KitKatGirl1 · 21/07/2012 17:40

Seeker is right. The school won't (shouldn't) treat him like that. The other children certainly won't. My AS son has done amazingly well at a very small state primary. At age 4 and two weeks he was so not ready for school. He did spend a lot of reception knocking down displays and he did bite two children (one of whose parents was horrible, one of whom was lovely). He learned to read by the end of reception but didn't write until end of yr 1. He needed a separate piece of carpet for assembly until yr 1 - he sometimes ran across the field in PE and didn't join in. He sometimes had a screen to help him not get distracted when working - until about yr 2/3.

School were great (I really think a small school helps - they all know him straightaway; they all understand his needs); the children and the parents were almost all great.

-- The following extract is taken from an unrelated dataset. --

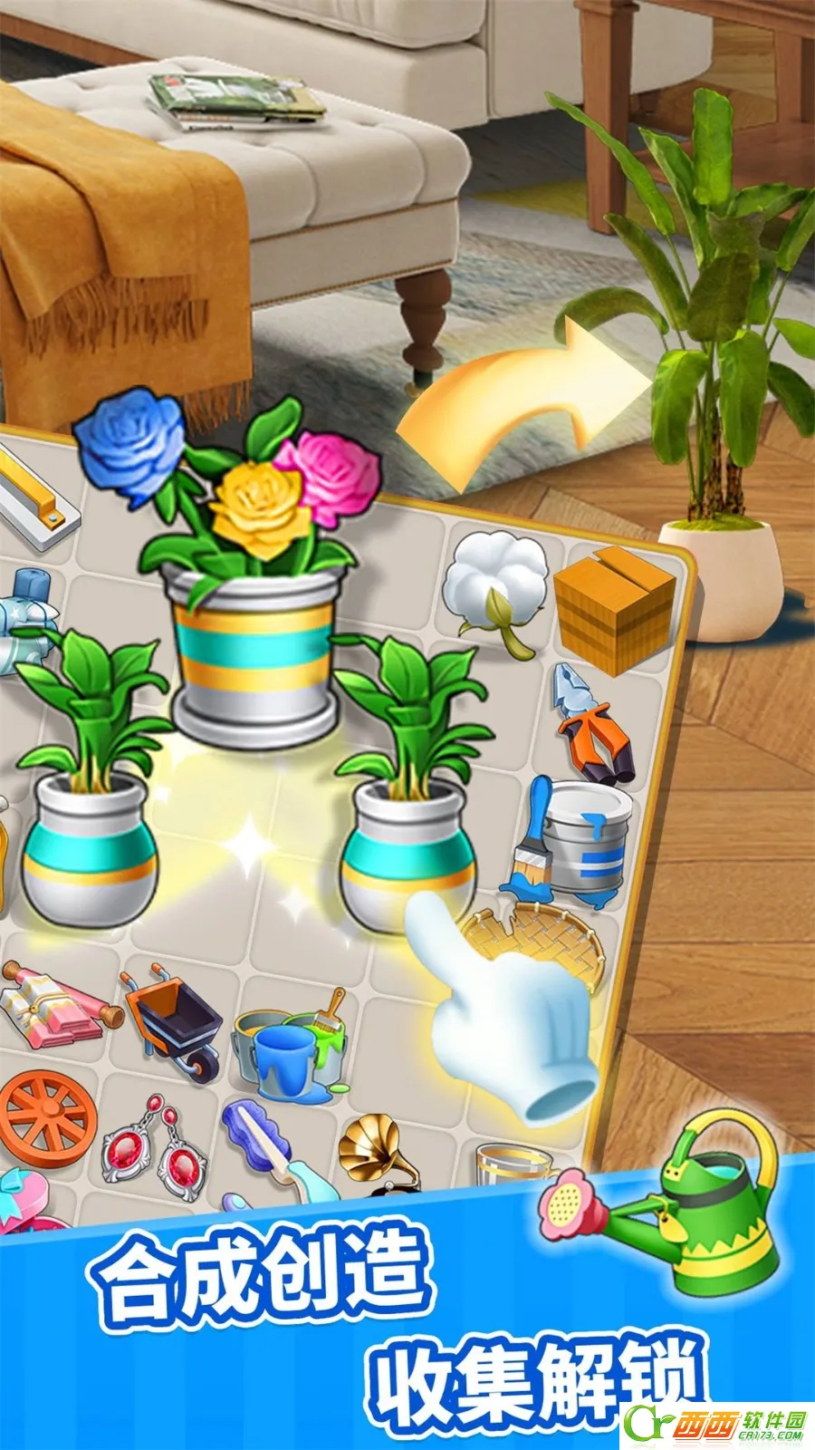 2. 自由装饰:玩家可扮演设计师凯洛琳,帮助好友装修房子,动动手指合成材料,自由发挥创意进行装饰。
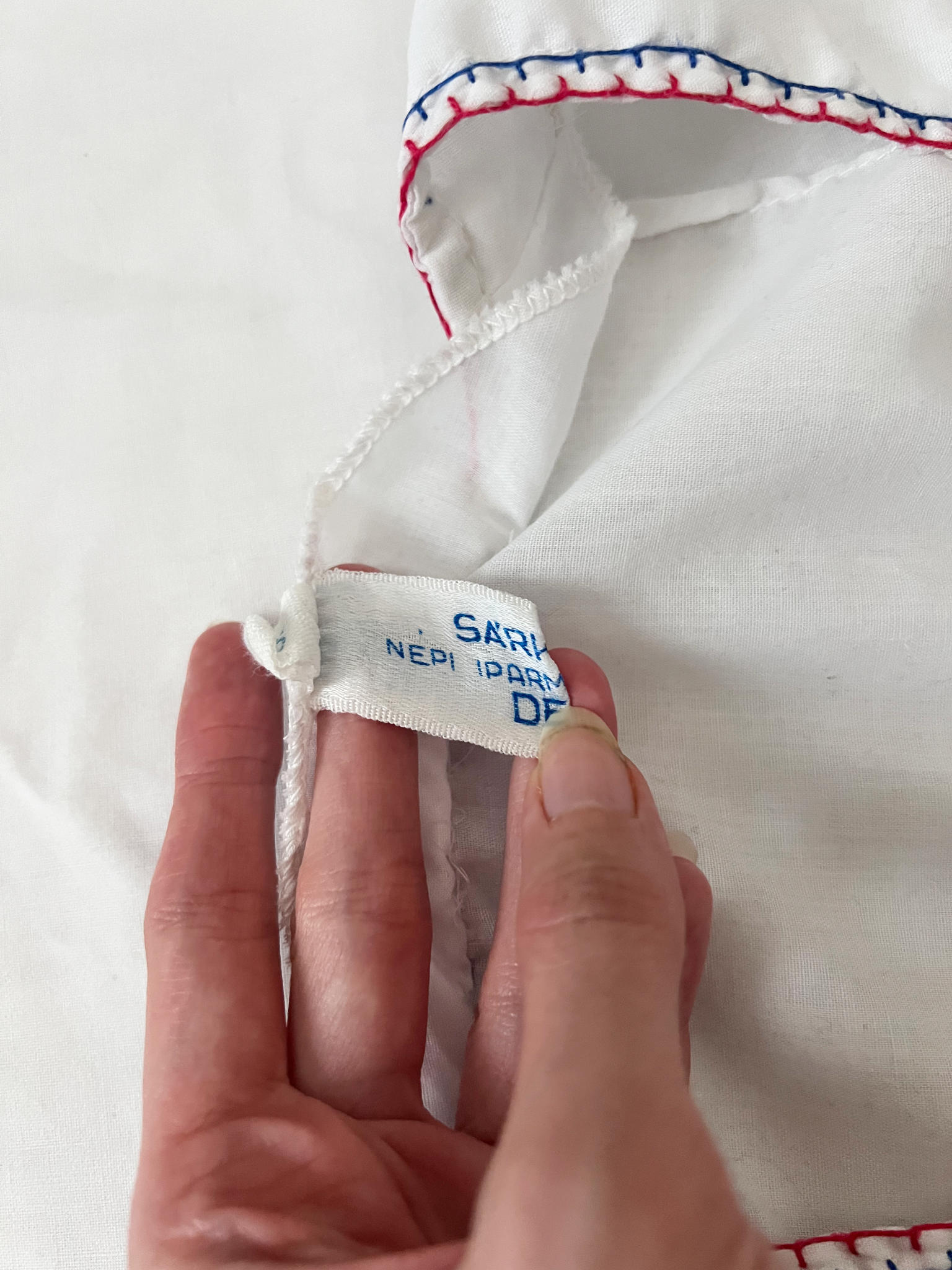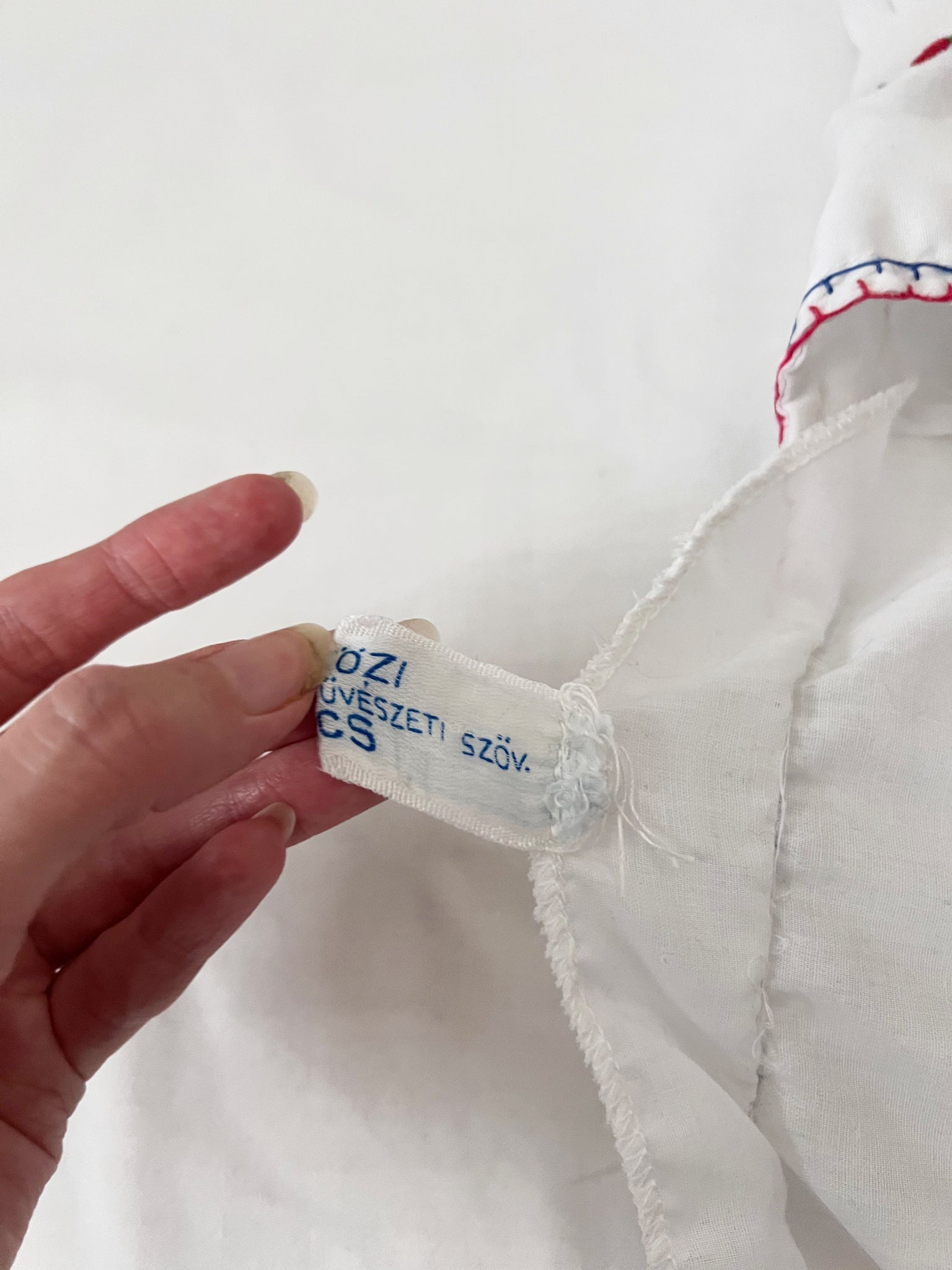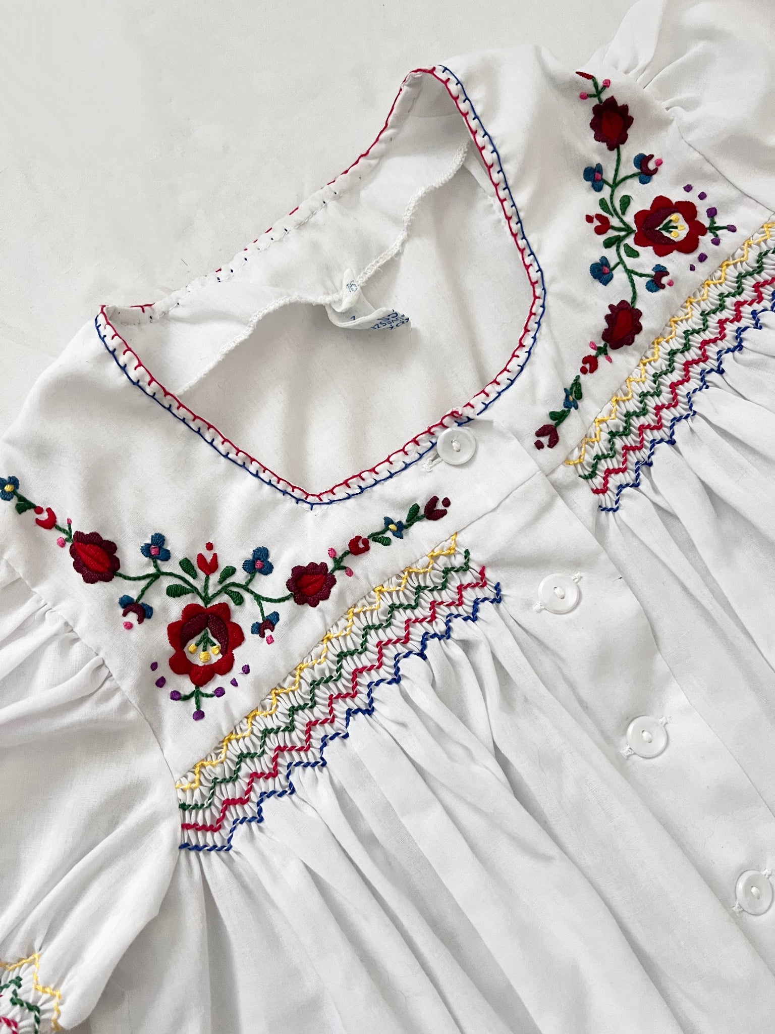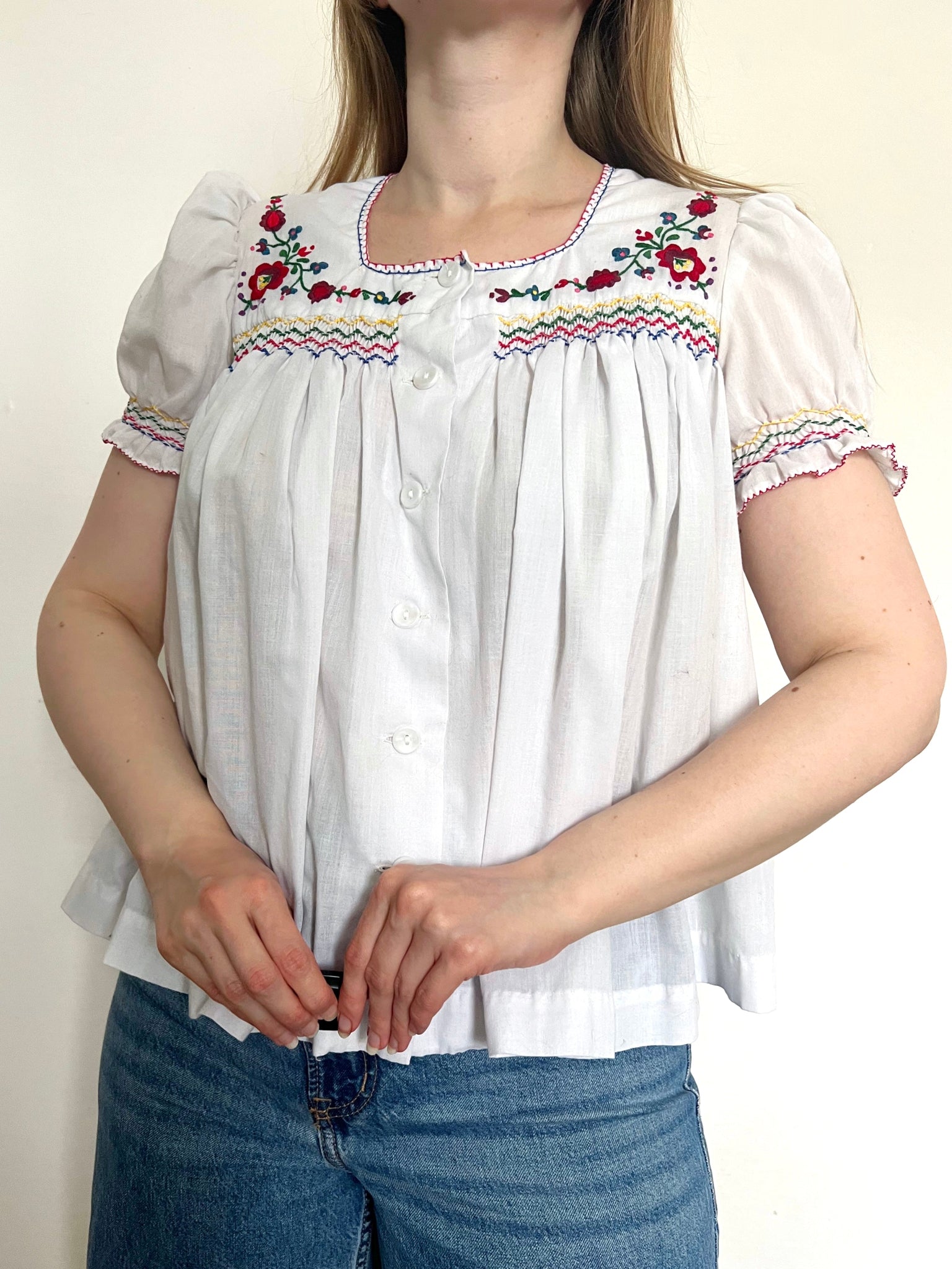 A short sleeved blouse with a babydoll fit. The blouse has embroidered flowers at the top front, and multicolored thread embroidered at the cuffs, and around chest and back. The blouse has puffed sleeves, and front buttons.

If you have the Head on your side, it makes all the difference.

Ds has just finished year 6; got all 5s in his SATs, has been a prefect, has been away on a school residential, has got lots of friends, is really, really ready for secondary school (but he is going independent because we just couldn't see him being as happy and safe at the local comp as he has been at primary).

Go for it. Try it. Give school a chance but do your best to be on the same side as them. There may be issues but if you build as good a relationship with them as you can, it will be fine. Good luck.

Hawkmoon269 · 25/07/2012 14:07

But imaginary children don't GO to school do they?!